Material to process:
● ● ● ●

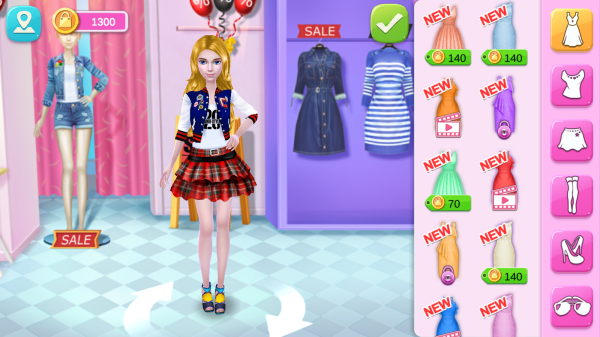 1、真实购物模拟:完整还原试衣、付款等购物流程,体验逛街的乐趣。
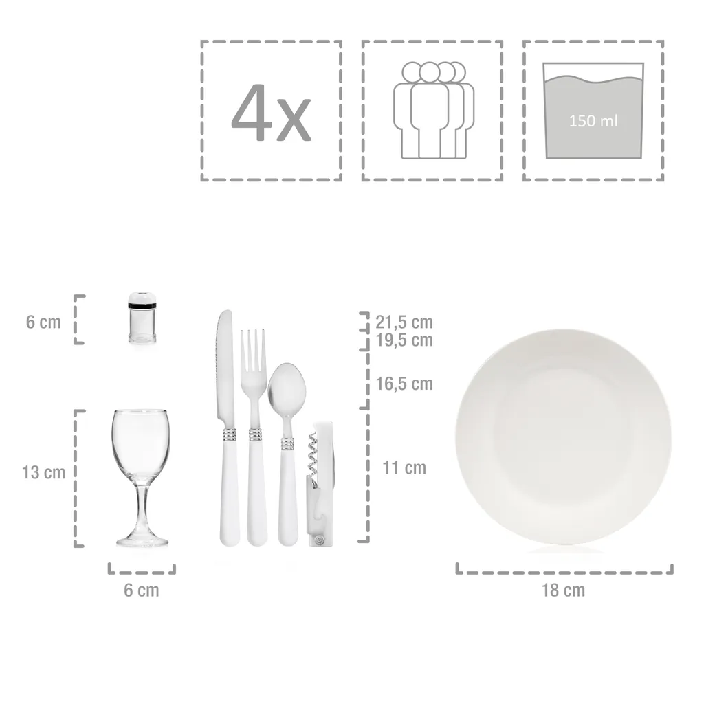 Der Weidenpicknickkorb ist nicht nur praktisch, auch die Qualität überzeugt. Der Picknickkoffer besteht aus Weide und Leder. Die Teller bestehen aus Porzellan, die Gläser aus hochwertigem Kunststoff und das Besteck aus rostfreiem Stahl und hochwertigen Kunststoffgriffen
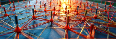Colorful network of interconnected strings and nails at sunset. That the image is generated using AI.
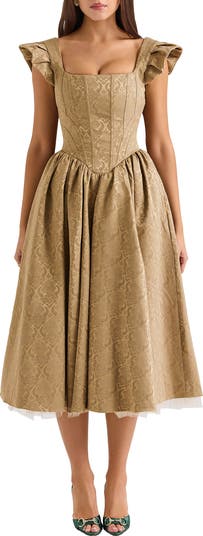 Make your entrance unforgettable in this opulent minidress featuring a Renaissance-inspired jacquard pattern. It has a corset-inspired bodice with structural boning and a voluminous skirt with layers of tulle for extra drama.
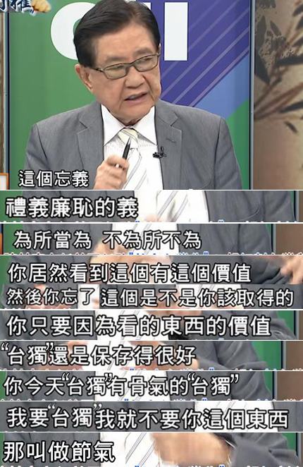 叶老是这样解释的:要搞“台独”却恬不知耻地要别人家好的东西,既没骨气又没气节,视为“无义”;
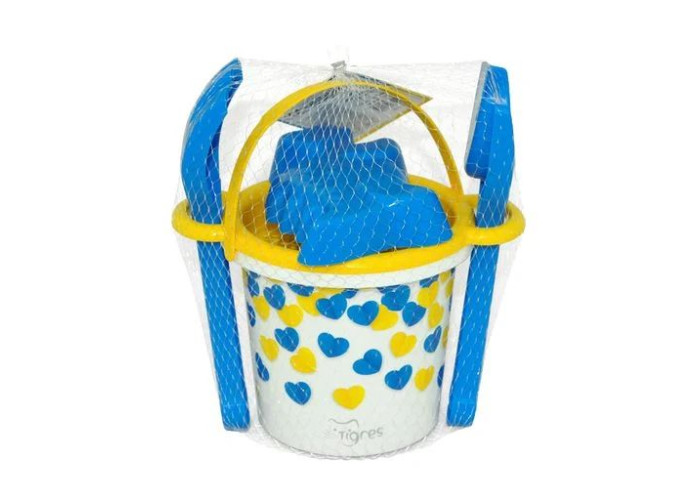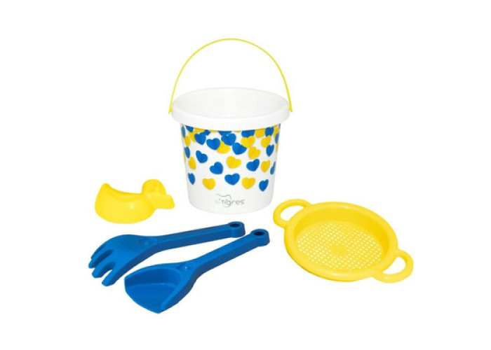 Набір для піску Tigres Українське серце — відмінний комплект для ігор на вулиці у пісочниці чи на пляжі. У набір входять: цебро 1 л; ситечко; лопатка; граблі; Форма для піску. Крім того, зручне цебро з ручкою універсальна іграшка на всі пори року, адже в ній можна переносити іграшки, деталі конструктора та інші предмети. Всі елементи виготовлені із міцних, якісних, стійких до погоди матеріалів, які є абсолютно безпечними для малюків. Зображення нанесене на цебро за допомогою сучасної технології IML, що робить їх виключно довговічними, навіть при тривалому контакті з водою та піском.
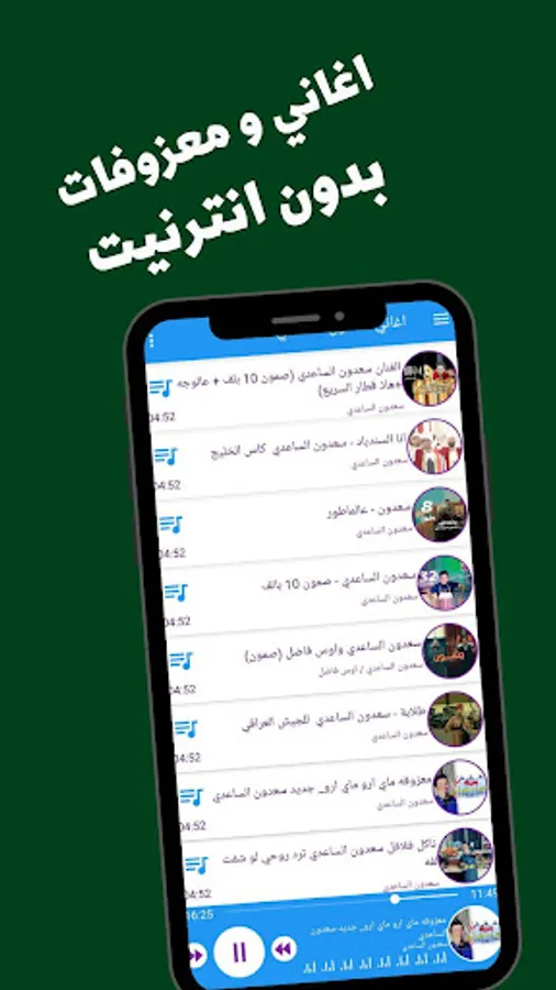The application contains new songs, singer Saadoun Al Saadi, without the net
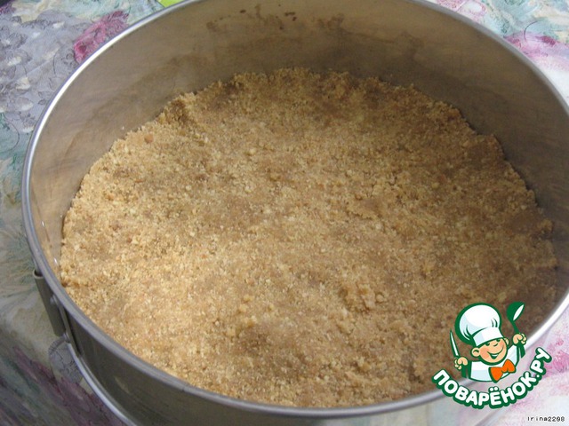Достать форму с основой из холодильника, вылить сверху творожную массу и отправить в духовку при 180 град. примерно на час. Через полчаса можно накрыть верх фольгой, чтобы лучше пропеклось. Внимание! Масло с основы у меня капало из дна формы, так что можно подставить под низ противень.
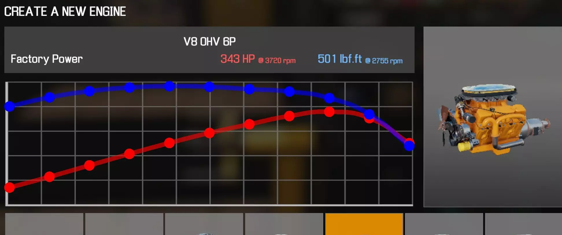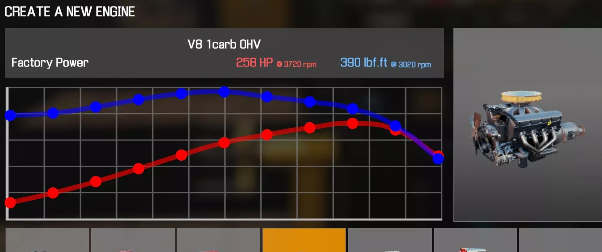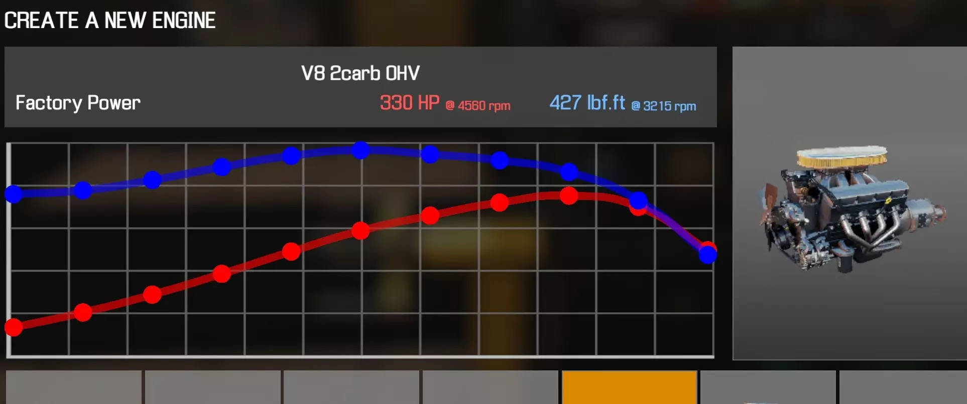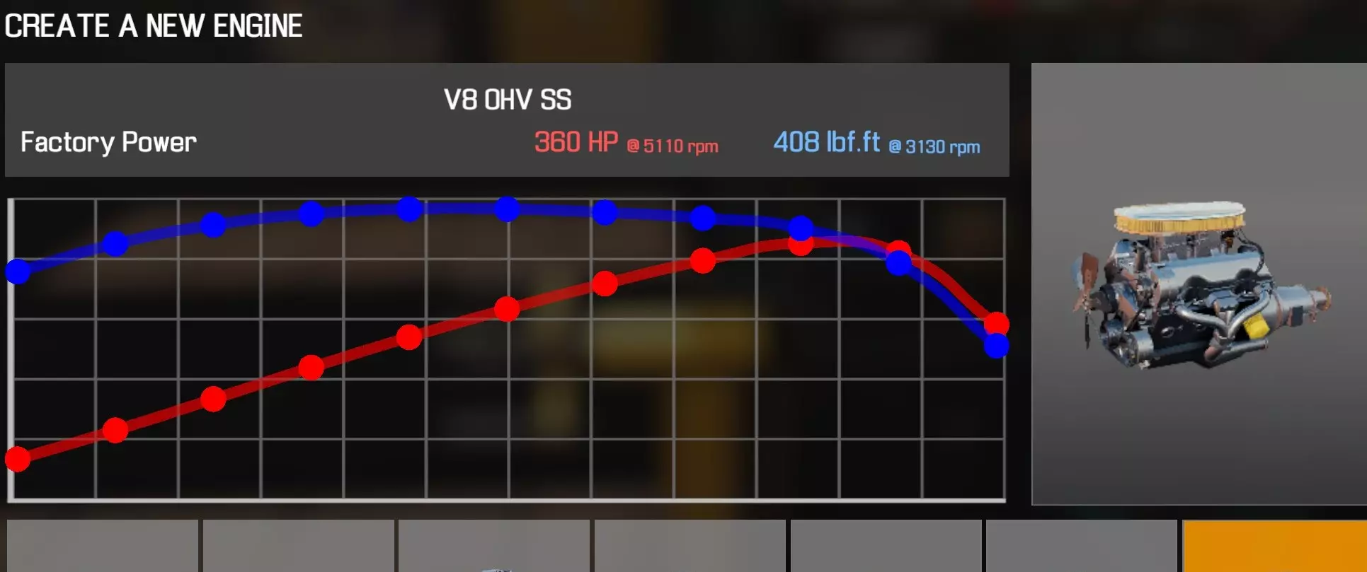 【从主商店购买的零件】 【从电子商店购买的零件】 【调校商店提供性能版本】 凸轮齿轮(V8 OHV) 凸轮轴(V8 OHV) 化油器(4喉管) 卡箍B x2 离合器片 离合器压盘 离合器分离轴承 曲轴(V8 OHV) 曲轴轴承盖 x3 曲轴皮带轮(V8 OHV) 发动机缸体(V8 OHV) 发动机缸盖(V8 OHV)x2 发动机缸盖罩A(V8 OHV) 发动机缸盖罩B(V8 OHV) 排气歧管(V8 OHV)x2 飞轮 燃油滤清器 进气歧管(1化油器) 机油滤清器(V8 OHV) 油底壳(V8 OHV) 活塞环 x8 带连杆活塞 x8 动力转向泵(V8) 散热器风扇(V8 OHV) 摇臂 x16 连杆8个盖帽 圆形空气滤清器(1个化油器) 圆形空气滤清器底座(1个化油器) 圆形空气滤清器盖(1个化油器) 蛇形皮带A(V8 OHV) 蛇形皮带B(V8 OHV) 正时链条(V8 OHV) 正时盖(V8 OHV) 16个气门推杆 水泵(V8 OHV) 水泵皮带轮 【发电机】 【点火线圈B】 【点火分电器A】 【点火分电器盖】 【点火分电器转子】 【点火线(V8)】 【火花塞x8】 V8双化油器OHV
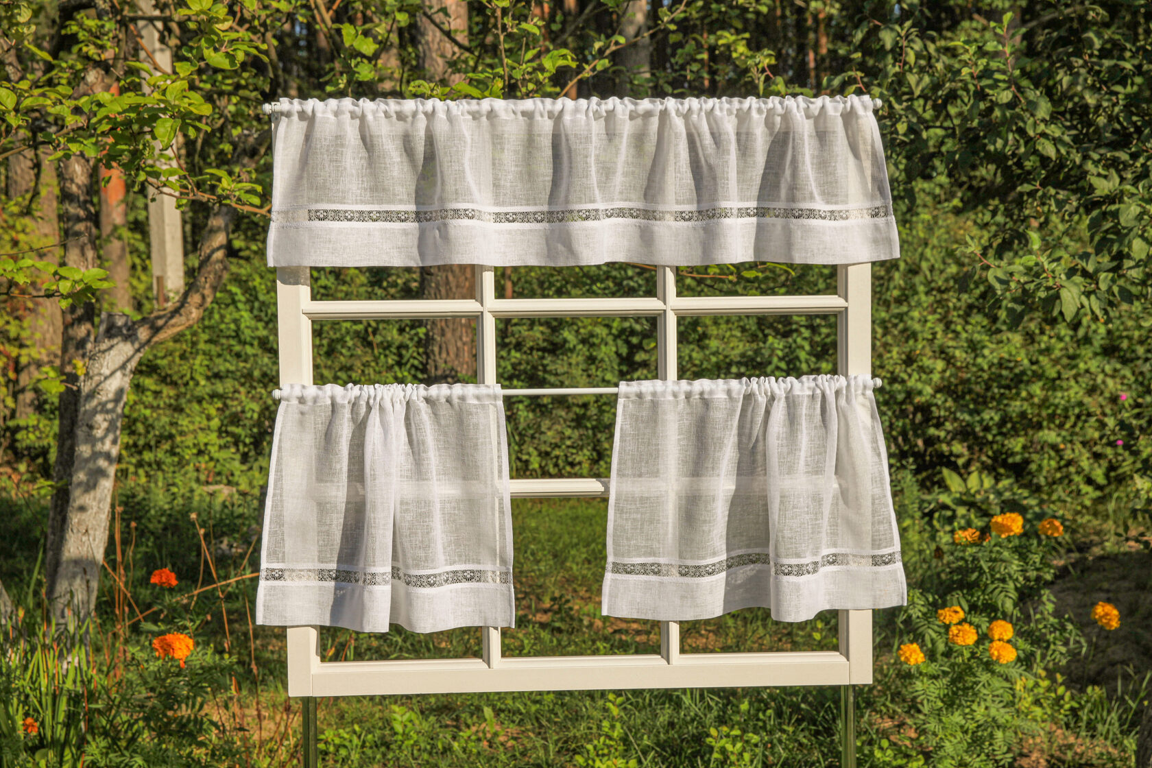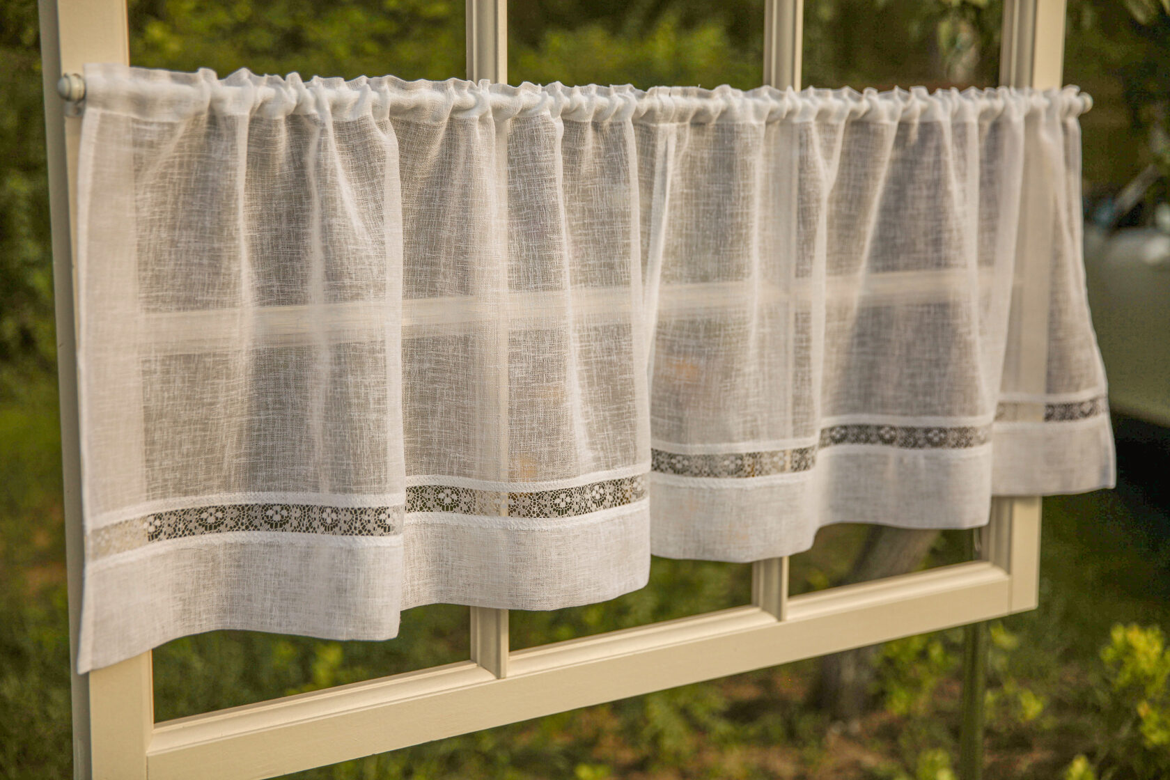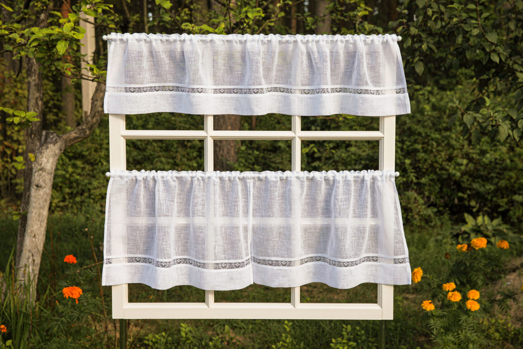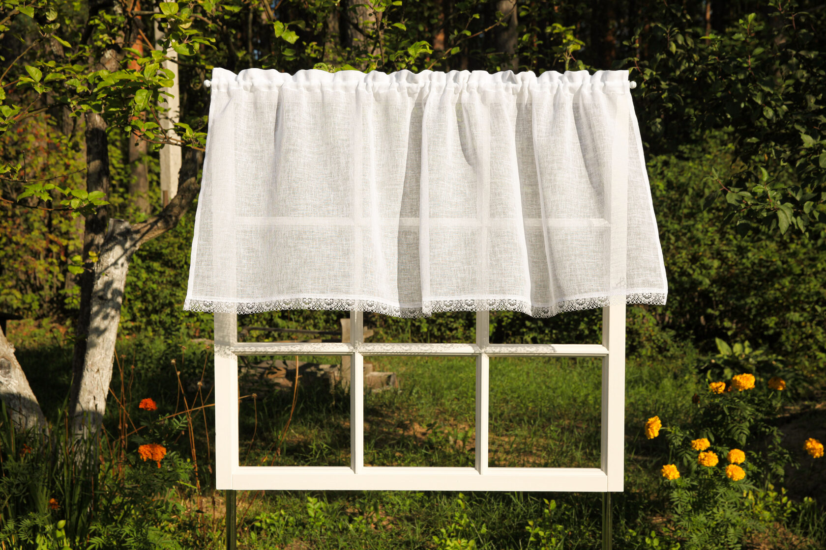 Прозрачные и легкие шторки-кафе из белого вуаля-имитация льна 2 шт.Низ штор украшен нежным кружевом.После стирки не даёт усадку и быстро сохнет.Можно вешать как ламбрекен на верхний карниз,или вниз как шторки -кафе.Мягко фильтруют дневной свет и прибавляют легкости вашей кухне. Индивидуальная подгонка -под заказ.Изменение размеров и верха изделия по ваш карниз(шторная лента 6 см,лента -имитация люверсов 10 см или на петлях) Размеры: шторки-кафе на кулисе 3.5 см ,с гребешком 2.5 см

● ● ● ●

Would you return all the data exactly as given, minus the pictures?

Your response:
 1、真实购物模拟:完整还原试衣、付款等购物流程,体验逛街的乐趣。
 Der Weidenpicknickkorb ist nicht nur praktisch, auch die Qualität überzeugt. Der Picknickkoffer besteht aus Weide und Leder. Die Teller bestehen aus Porzellan, die Gläser aus hochwertigem Kunststoff und das Besteck aus rostfreiem Stahl und hochwertigen Kunststoffgriffen
Colorful network of interconnected strings and nails at sunset. That the image is generated using AI.
 Make your entrance unforgettable in this opulent minidress featuring a Renaissance-inspired jacquard pattern. It has a corset-inspired bodice with structural boning and a voluminous skirt with layers of tulle for extra drama.
 叶老是这样解释的:要搞“台独”却恬不知耻地要别人家好的东西,既没骨气又没气节,视为“无义”;
 Набір для піску Tigres Українське серце — відмінний комплект для ігор на вулиці у пісочниці чи на пляжі. У набір входять: цебро 1 л; ситечко; лопатка; граблі; Форма для піску. Крім того, зручне цебро з ручкою універсальна іграшка на всі пори року, адже в ній можна переносити іграшки, деталі конструктора та інші предмети. Всі елементи виготовлені із міцних, якісних, стійких до погоди матеріалів, які є абсолютно безпечними для малюків. Зображення нанесене на цебро за допомогою сучасної технології IML, що робить їх виключно довговічними, навіть при тривалому контакті з водою та піском.
The application contains new songs, singer Saadoun Al Saadi, without the net
Достать форму с основой из холодильника, вылить сверху творожную массу и отправить в духовку при 180 град. примерно на час. Через полчаса можно накрыть верх фольгой, чтобы лучше пропеклось. Внимание! Масло с основы у меня капало из дна формы, так что можно подставить под низ противень.
 【从主商店购买的零件】 【从电子商店购买的零件】 【调校商店提供性能版本】 凸轮齿轮(V8 OHV) 凸轮轴(V8 OHV) 化油器(4喉管) 卡箍B x2 离合器片 离合器压盘 离合器分离轴承 曲轴(V8 OHV) 曲轴轴承盖 x3 曲轴皮带轮(V8 OHV) 发动机缸体(V8 OHV) 发动机缸盖(V8 OHV)x2 发动机缸盖罩A(V8 OHV) 发动机缸盖罩B(V8 OHV) 排气歧管(V8 OHV)x2 飞轮 燃油滤清器 进气歧管(1化油器) 机油滤清器(V8 OHV) 油底壳(V8 OHV) 活塞环 x8 带连杆活塞 x8 动力转向泵(V8) 散热器风扇(V8 OHV) 摇臂 x16 连杆8个盖帽 圆形空气滤清器(1个化油器) 圆形空气滤清器底座(1个化油器) 圆形空气滤清器盖(1个化油器) 蛇形皮带A(V8 OHV) 蛇形皮带B(V8 OHV) 正时链条(V8 OHV) 正时盖(V8 OHV) 16个气门推杆 水泵(V8 OHV) 水泵皮带轮 【发电机】 【点火线圈B】 【点火分电器A】 【点火分电器盖】 【点火分电器转子】 【点火线(V8)】 【火花塞x8】 V8双化油器OHV
 Прозрачные и легкие шторки-кафе из белого вуаля-имитация льна 2 шт.Низ штор украшен нежным кружевом.После стирки не даёт усадку и быстро сохнет.Можно вешать как ламбрекен на верхний карниз,или вниз как шторки -кафе.Мягко фильтруют дневной свет и прибавляют легкости вашей кухне. Индивидуальная подгонка -под заказ.Изменение размеров и верха изделия по ваш карниз(шторная лента 6 см,лента -имитация люверсов 10 см или на петлях) Размеры: шторки-кафе на кулисе 3.5 см ,с гребешком 2.5 см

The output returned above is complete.